The most elite frats on campus haze even worse than SAE — they're called "A side" frats
One fraternity reportedly beat their pledges; another was said to place them in dog crates while the brothers vomited on them. Another frat ordered its new members to crawl between the legs of a line of naked brothers, "with, you know, their ball sacks flapping on their heads." A fourth was rumored to require its pledges to have sex with a frozen turkey.
Lohse was almost not let into his frat until brothers thought he was hooking up with 2 girls in one night.
Lohse only received a "bid," or offer to pledge the frat, after several brothers came to his defense, citing his popularity with women. A friend recalls walking into Lohse's room one night to find a girl in his bed, alone, while Lohse was in bed with another girl down the hall.
Faculty members have tried to bust Lohse's frat for hazing before, but the brothers closed ranks.
In 2009, a member of the Dartmouth faculty accused the fraternity of making pledges chug milk and vinegar until they threw up. According to Lohse and two other SAE alums, the brothers agreed to deny the charges, and discussed in detail how to respond when questioned by college officials.
SAE pledges were called "whale sh*ts" and had to do disgusting things on command.

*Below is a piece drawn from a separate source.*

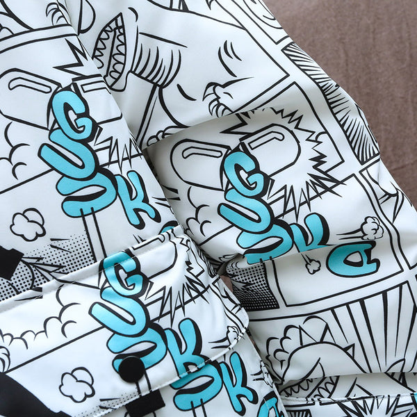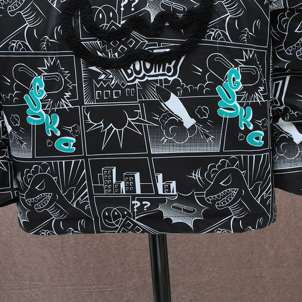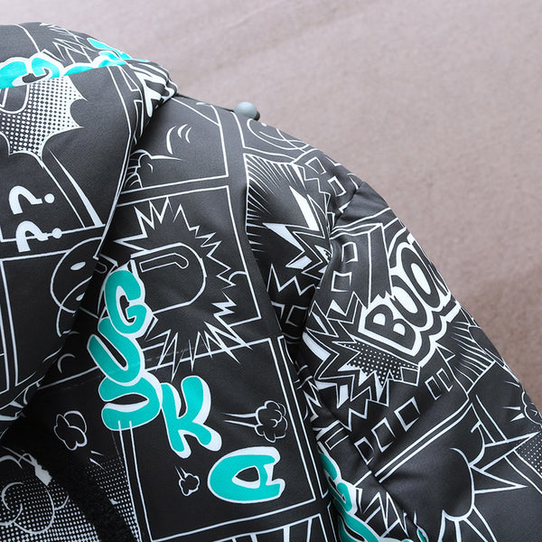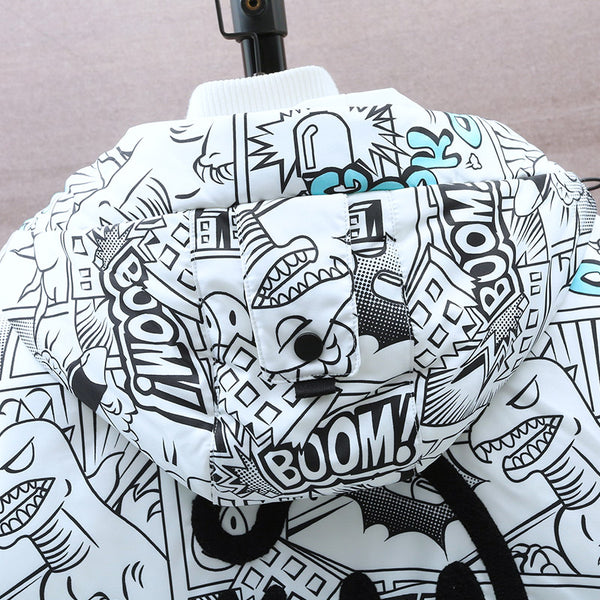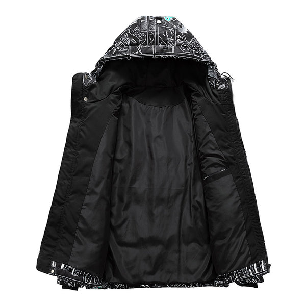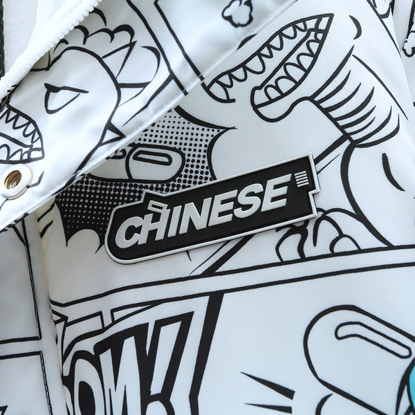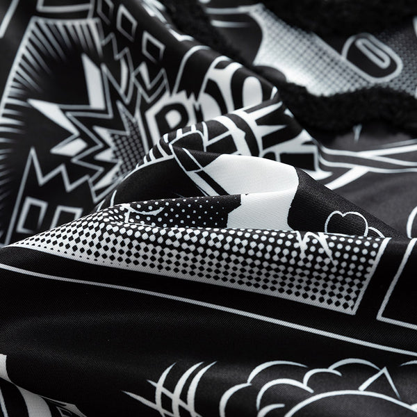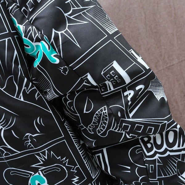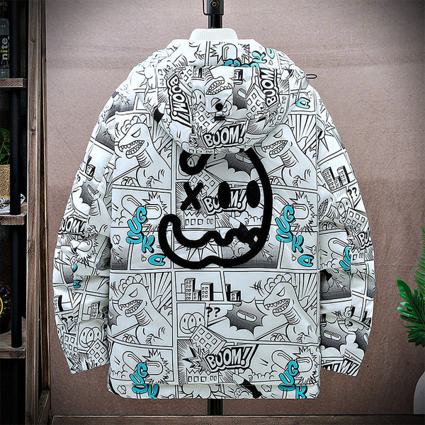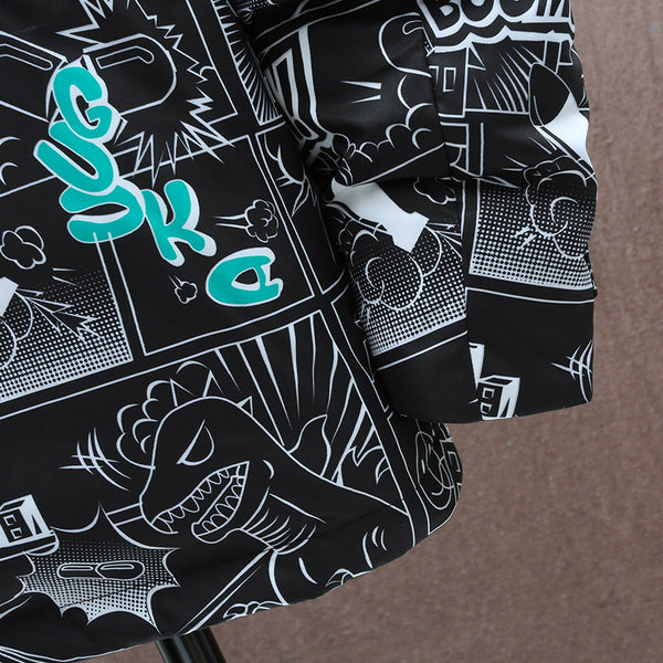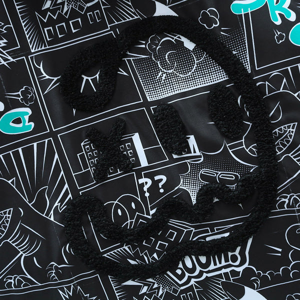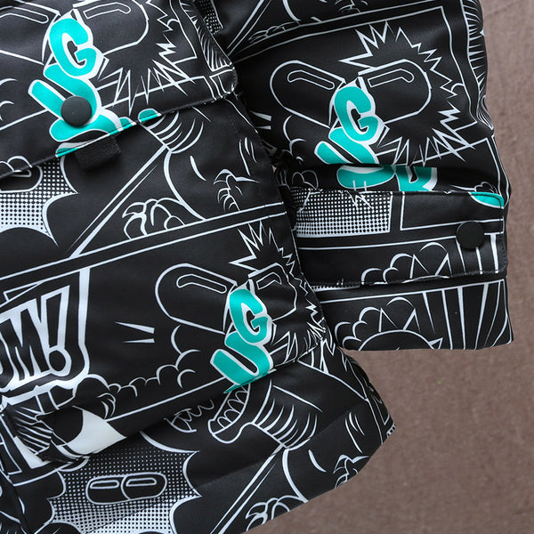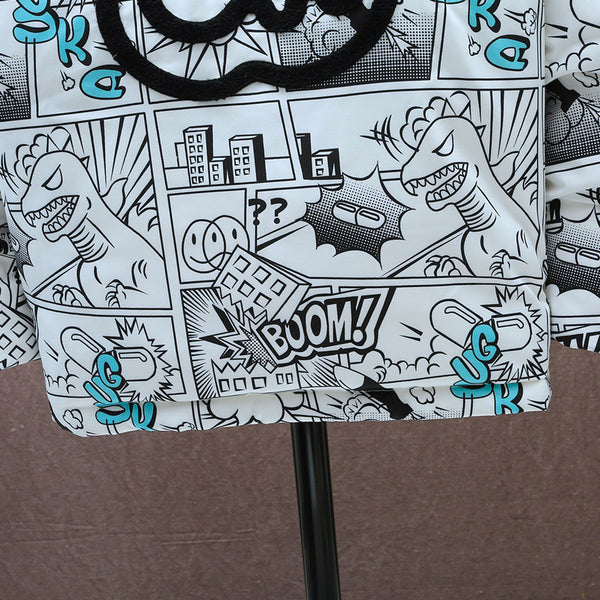 The MLB Z720 features an all-over illustrated panel print that feels dynamic, playful, and edgy at the same time. Comic-style graphics, abstract characters, and sharp line art create a layered visual story across the jacket. Subtle aqua accents cut through the monochrome base, adding depth and energy without overpowering the design.

Pledges would be required to perform endless "quick sixes," recite SAE's creed, "The True Gentleman," while lying in a kiddie pool full of ice...There were also "milk meetings," where pledges were asked to chug a gallon of milk in 20 minutes, which always resulted in plentiful booting. "You get points for how many times you booted on other people," says Lohse, who adds that the pledge trainers kept count while they sat on large throne-like chairs in a basement room. One brother recalls the night some of the pledges were served a scramble of vomit and eggs, known as a "vomlet."
SAE brothers were baptized in a pool of food products like salsa and vinegar, excrement and more.
"When you mix all that stuff together, it smells really gross," the ex-brother says. "And when you're in it, you don't know what it is. We let the pledges' imaginations get the best of them." Lohse, for his part, hasn't backed down. "I know this because I watched them make the batch for the 2011 term," he says. "We were told they needed a few more guys to piss and boot in it."
Another frat made pledges go down a vomit covered slip 'n slide.
One student tells me that during his pledge term, the brothers in his house set up a tarp in the fraternity basement, covered it in vomit, and made the pledges do a "slip and slide." He loved it. "Everyone peed on it and threw in their chaw," he says. "I thought it was great. I did it 10 times. But I was getting kind of cut up, so the pledge trainer told me I really should stop so I wouldn't get too many infections."
Jim Yong Kim, Dartmouth's President, admits he doesn't have much power over the frats.
"I barely have any power," he told The Dartmouth in a recent interview. "I'm a convener."